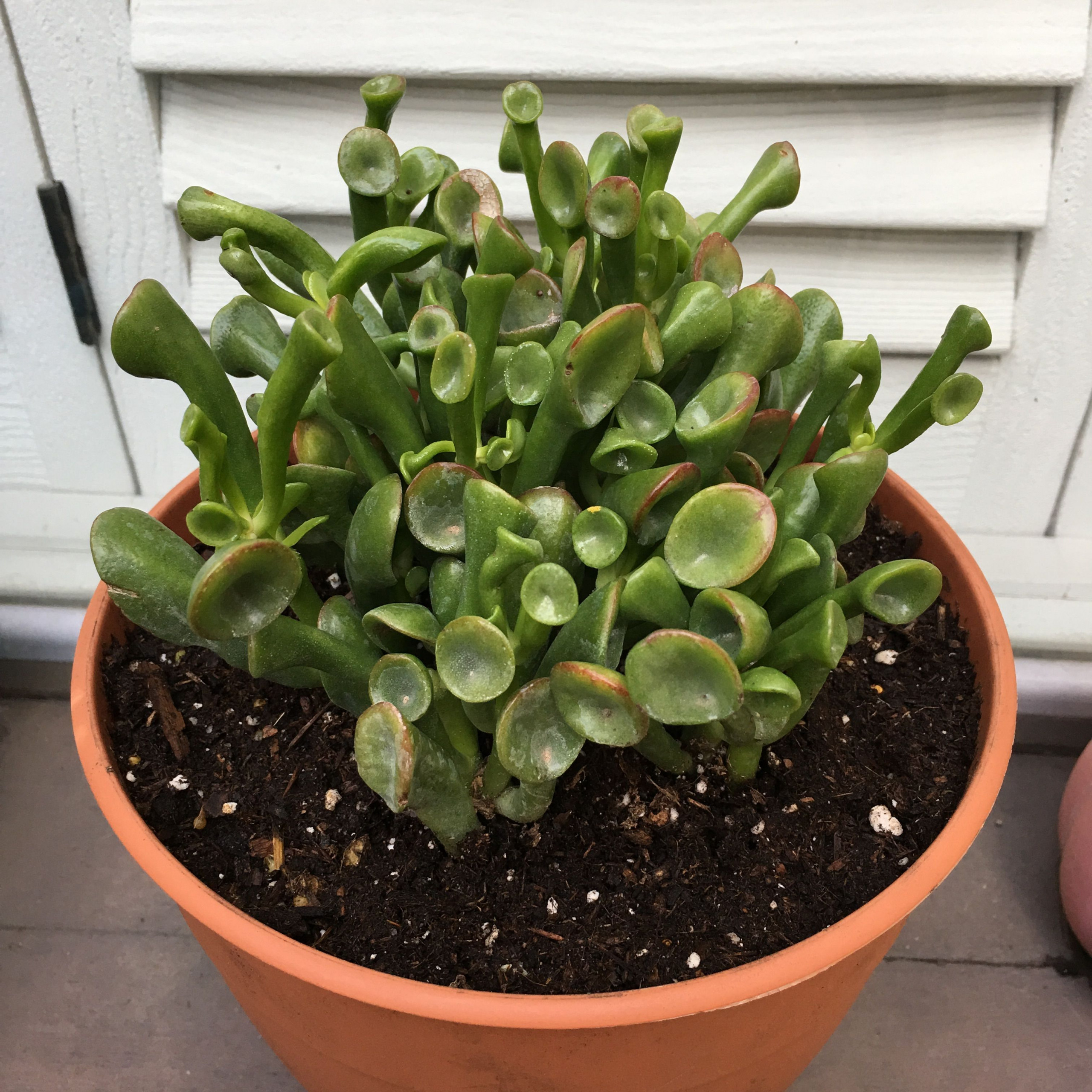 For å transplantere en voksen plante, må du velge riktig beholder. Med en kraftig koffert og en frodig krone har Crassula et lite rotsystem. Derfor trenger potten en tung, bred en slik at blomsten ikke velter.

* * *

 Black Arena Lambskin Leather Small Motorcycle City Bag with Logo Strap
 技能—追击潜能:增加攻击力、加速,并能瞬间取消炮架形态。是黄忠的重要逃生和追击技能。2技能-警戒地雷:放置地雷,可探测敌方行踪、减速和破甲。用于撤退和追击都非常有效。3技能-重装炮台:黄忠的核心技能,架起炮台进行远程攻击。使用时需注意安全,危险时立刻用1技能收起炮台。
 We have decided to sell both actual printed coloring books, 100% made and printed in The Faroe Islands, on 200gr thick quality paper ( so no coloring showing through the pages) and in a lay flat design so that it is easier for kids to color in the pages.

* * *

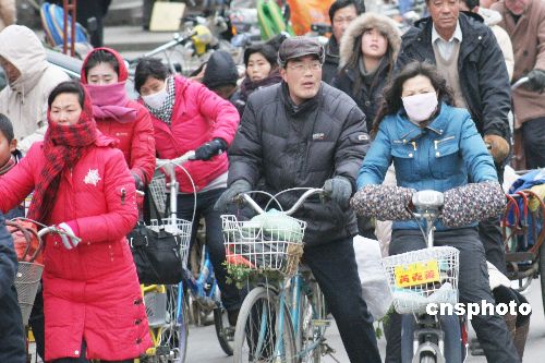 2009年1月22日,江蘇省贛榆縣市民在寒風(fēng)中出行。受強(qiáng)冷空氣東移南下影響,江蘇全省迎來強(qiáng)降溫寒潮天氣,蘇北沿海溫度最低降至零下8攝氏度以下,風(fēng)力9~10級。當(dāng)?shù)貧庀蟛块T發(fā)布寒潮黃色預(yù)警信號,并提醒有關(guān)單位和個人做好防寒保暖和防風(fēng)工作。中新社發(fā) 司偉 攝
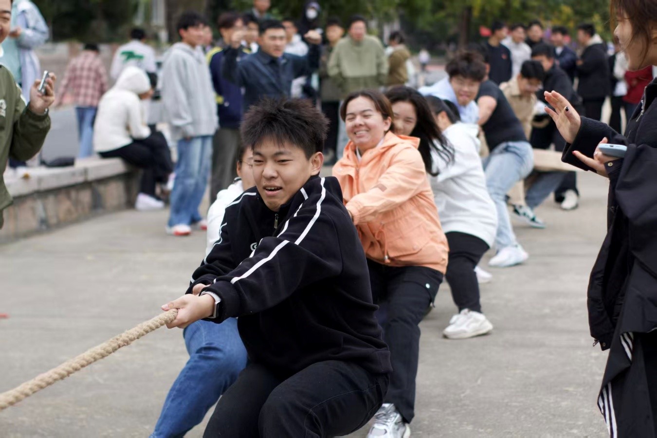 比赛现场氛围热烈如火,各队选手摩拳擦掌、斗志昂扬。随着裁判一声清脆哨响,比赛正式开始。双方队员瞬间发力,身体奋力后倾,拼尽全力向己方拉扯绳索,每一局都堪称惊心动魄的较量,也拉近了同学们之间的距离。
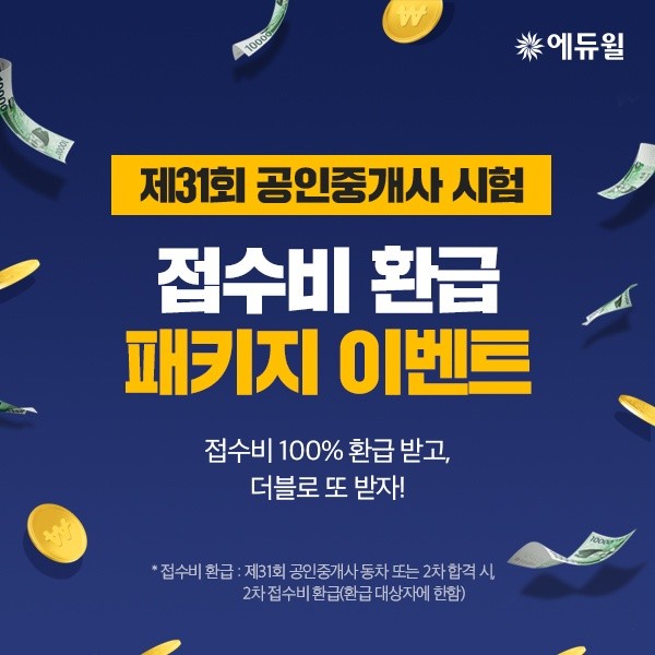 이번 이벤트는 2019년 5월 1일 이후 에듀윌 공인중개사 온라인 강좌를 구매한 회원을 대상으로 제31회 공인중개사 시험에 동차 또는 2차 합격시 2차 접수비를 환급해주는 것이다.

• Directions for this task: Beginning with the line above that contains "Black Arena Lambskin", copy each line exactly up to and including the line that contains "We have decided", and go no further.

• Answer for this exercise:
 Black Arena Lambskin Leather Small Motorcycle City Bag with Logo Strap
 技能—追击潜能:增加攻击力、加速,并能瞬间取消炮架形态。是黄忠的重要逃生和追击技能。2技能-警戒地雷:放置地雷,可探测敌方行踪、减速和破甲。用于撤退和追击都非常有效。3技能-重装炮台:黄忠的核心技能,架起炮台进行远程攻击。使用时需注意安全,危险时立刻用1技能收起炮台。
 We have decided to sell both actual printed coloring books, 100% made and printed in The Faroe Islands, on 200gr thick quality paper ( so no coloring showing through the pages) and in a lay flat design so that it is easier for kids to color in the pages.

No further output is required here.